# [The task]
Starting with the line that holds "Дом расположен на" and stopping after the line that holds "このお堂に、馬頭観世音菩薩が", repeat the lines below word for word, without the pictures.

# [Dataset excerpts]
+--

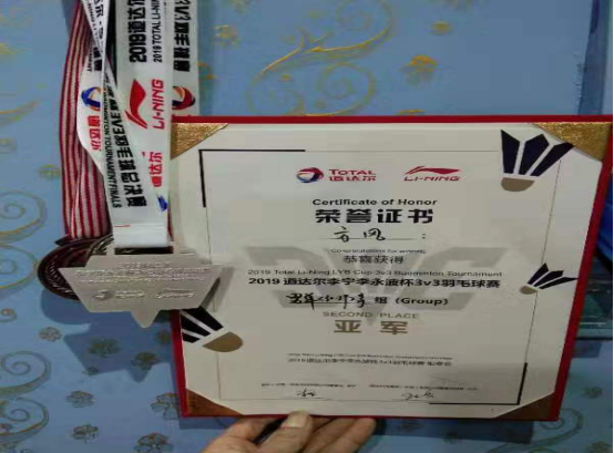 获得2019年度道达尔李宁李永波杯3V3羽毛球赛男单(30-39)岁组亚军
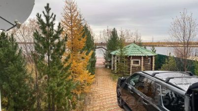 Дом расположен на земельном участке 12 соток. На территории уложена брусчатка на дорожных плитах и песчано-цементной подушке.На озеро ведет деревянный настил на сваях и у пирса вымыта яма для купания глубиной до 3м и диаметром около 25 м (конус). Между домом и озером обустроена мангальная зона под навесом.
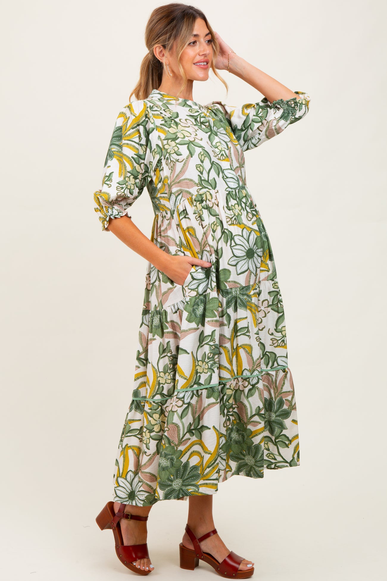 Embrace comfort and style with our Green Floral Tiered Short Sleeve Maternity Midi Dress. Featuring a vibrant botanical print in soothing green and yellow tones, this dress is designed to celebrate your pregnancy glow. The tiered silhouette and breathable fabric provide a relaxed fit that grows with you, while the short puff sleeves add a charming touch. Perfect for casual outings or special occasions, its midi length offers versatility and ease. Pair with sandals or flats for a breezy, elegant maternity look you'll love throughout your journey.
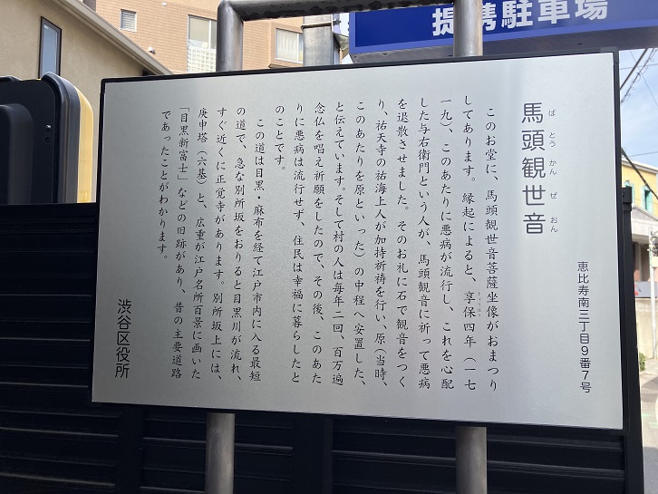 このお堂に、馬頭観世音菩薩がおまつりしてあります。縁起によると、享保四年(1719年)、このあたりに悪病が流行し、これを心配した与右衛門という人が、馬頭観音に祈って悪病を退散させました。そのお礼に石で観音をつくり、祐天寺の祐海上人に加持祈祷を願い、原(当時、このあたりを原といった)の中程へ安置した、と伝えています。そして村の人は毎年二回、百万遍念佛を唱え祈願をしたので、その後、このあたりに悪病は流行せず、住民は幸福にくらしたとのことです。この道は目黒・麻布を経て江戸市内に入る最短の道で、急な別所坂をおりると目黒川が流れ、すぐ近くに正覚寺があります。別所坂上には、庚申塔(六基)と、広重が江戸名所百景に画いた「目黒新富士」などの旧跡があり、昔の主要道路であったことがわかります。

+--

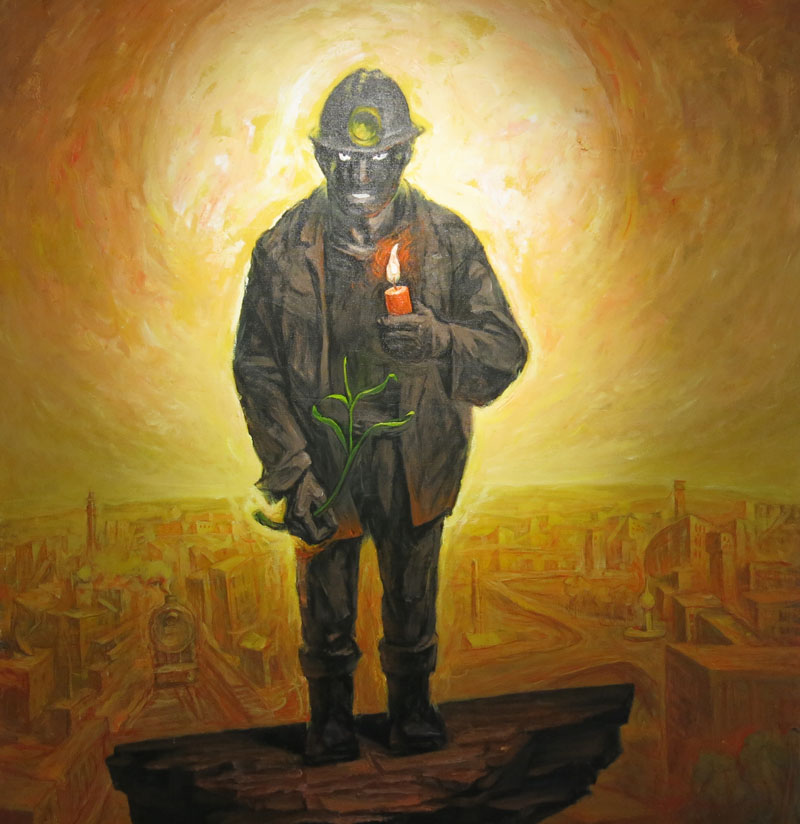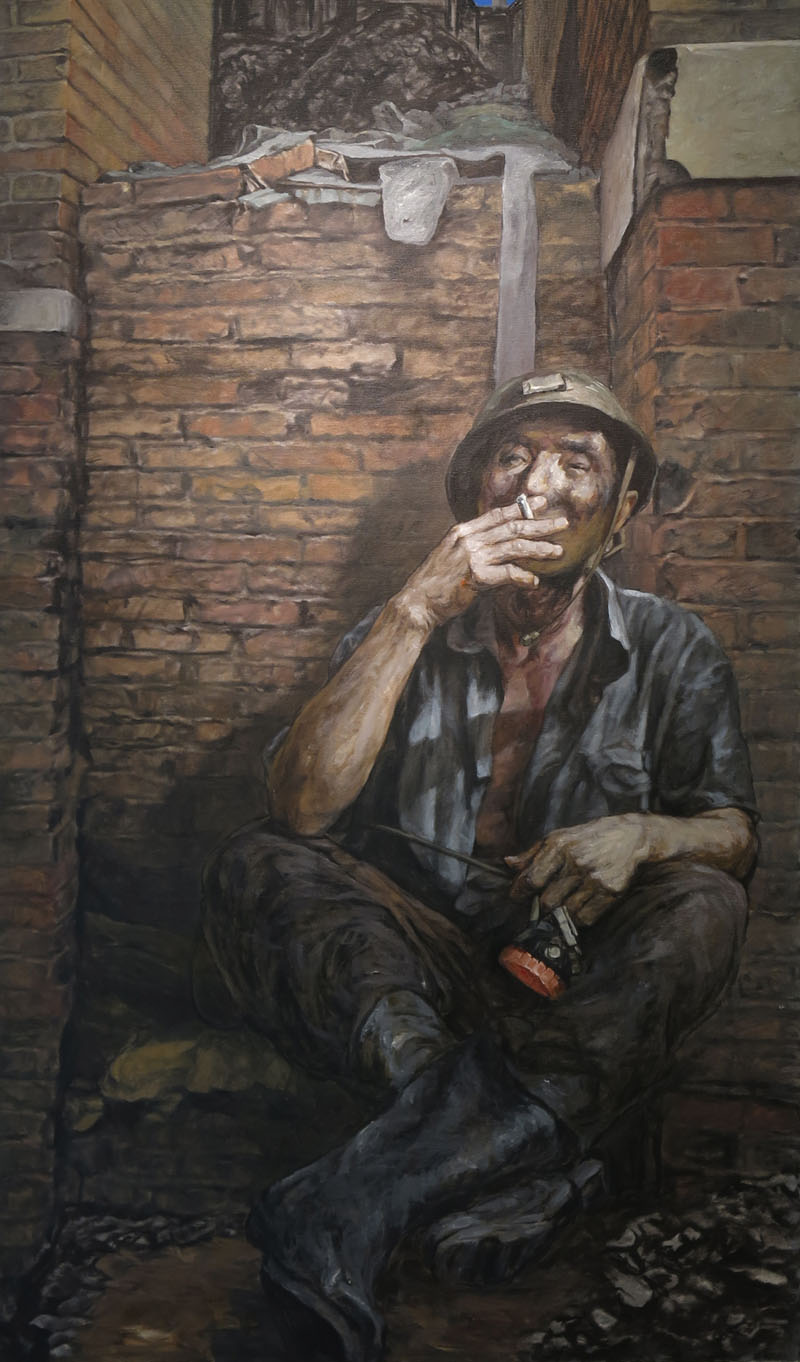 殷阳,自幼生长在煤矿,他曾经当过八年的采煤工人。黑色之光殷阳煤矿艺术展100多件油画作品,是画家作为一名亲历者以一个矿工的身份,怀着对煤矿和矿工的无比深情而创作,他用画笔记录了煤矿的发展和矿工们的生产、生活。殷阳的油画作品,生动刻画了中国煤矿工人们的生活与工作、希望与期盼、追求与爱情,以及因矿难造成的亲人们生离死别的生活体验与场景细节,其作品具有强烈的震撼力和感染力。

+--

# [Exercise response]
 Дом расположен на земельном участке 12 соток. На территории уложена брусчатка на дорожных плитах и песчано-цементной подушке.На озеро ведет деревянный настил на сваях и у пирса вымыта яма для купания глубиной до 3м и диаметром около 25 м (конус). Между домом и озером обустроена мангальная зона под навесом.
 Embrace comfort and style with our Green Floral Tiered Short Sleeve Maternity Midi Dress. Featuring a vibrant botanical print in soothing green and yellow tones, this dress is designed to celebrate your pregnancy glow. The tiered silhouette and breathable fabric provide a relaxed fit that grows with you, while the short puff sleeves add a charming touch. Perfect for casual outings or special occasions, its midi length offers versatility and ease. Pair with sandals or flats for a breezy, elegant maternity look you'll love throughout your journey.
 このお堂に、馬頭観世音菩薩がおまつりしてあります。縁起によると、享保四年(1719年)、このあたりに悪病が流行し、これを心配した与右衛門という人が、馬頭観音に祈って悪病を退散させました。そのお礼に石で観音をつくり、祐天寺の祐海上人に加持祈祷を願い、原(当時、このあたりを原といった)の中程へ安置した、と伝えています。そして村の人は毎年二回、百万遍念佛を唱え祈願をしたので、その後、このあたりに悪病は流行せず、住民は幸福にくらしたとのことです。この道は目黒・麻布を経て江戸市内に入る最短の道で、急な別所坂をおりると目黒川が流れ、すぐ近くに正覚寺があります。別所坂上には、庚申塔(六基)と、広重が江戸名所百景に画いた「目黒新富士」などの旧跡があり、昔の主要道路であったことがわかります。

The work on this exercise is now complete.